▶ TASK DIRECTIONS: When you reach a picture, skip it, and retype every line below exactly.

▶ DATASET SECTION:
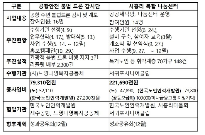 올해는 ㈔느영나영복지공동체, 한국공항공사 제주지역본부와 협력해 공항 주변 드론 비행금지 구역을 순찰·계도하는 ‘공항안전 불법드론 감시단’을 운영했다. 이 사업은 보건복지부 주관 ‘2026년 전국확산 모델 아이템’으로 선정되는 성과를 거뒀다.
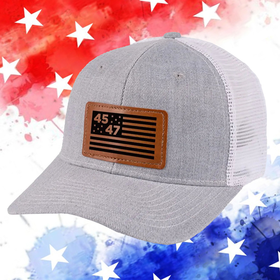 Trump 45 47 Trucker Hat USA Flag Patriotic Cap Presents For Trump Supporters.
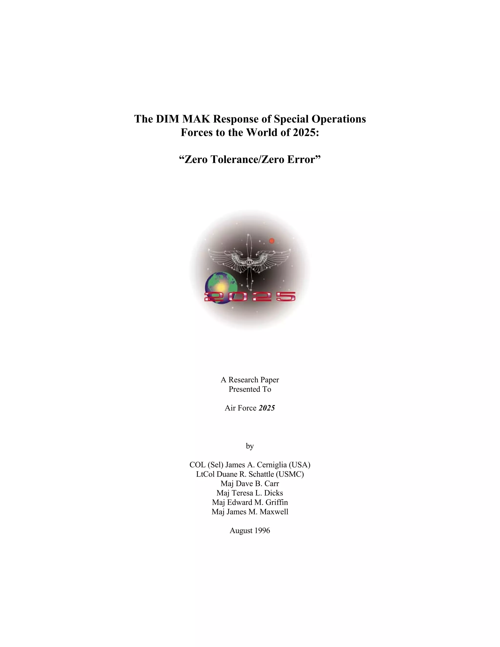 This document summarizes a research paper presented to Air Force 2025 that outlines special operations forces capabilities needed to conduct precision operations against weapons of mass destruction, high-value targets, and assets in the hypothetical world of 2025. The paper identifies communications, mobility, and destruction/neutralization as the top three enabling capabilities required for these missions. It then proposes various futuristic technologies that could fulfill requirements for these capabilities by 2025, such as stealth airlifters, extraction rockets, and targeting systems, to allow special operations forces to accomplish their missions with zero tolerance for error.
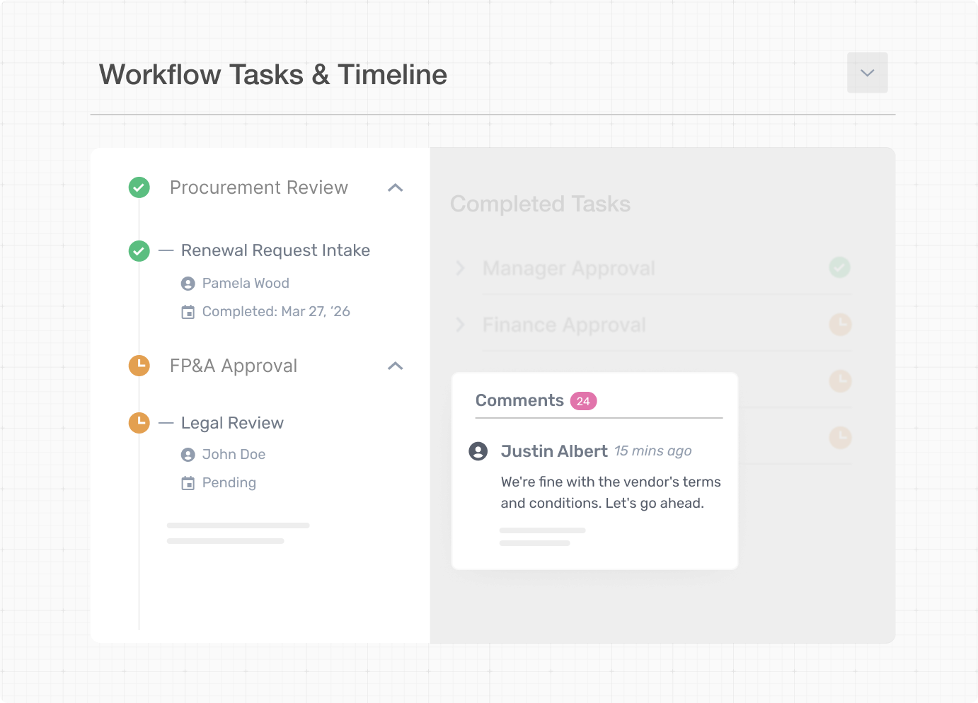 Track status, view pending approvals, and understand next actions in a single, transparent view. Stakeholders no longer need follow-up messages or side-channel updates.

▶ YOUR RESPONSE:
 올해는 ㈔느영나영복지공동체, 한국공항공사 제주지역본부와 협력해 공항 주변 드론 비행금지 구역을 순찰·계도하는 ‘공항안전 불법드론 감시단’을 운영했다. 이 사업은 보건복지부 주관 ‘2026년 전국확산 모델 아이템’으로 선정되는 성과를 거뒀다.
 Trump 45 47 Trucker Hat USA Flag Patriotic Cap Presents For Trump Supporters.
 This document summarizes a research paper presented to Air Force 2025 that outlines special operations forces capabilities needed to conduct precision operations against weapons of mass destruction, high-value targets, and assets in the hypothetical world of 2025. The paper identifies communications, mobility, and destruction/neutralization as the top three enabling capabilities required for these missions. It then proposes various futuristic technologies that could fulfill requirements for these capabilities by 2025, such as stealth airlifters, extraction rockets, and targeting systems, to allow special operations forces to accomplish their missions with zero tolerance for error.
 Track status, view pending approvals, and understand next actions in a single, transparent view. Stakeholders no longer need follow-up messages or side-channel updates.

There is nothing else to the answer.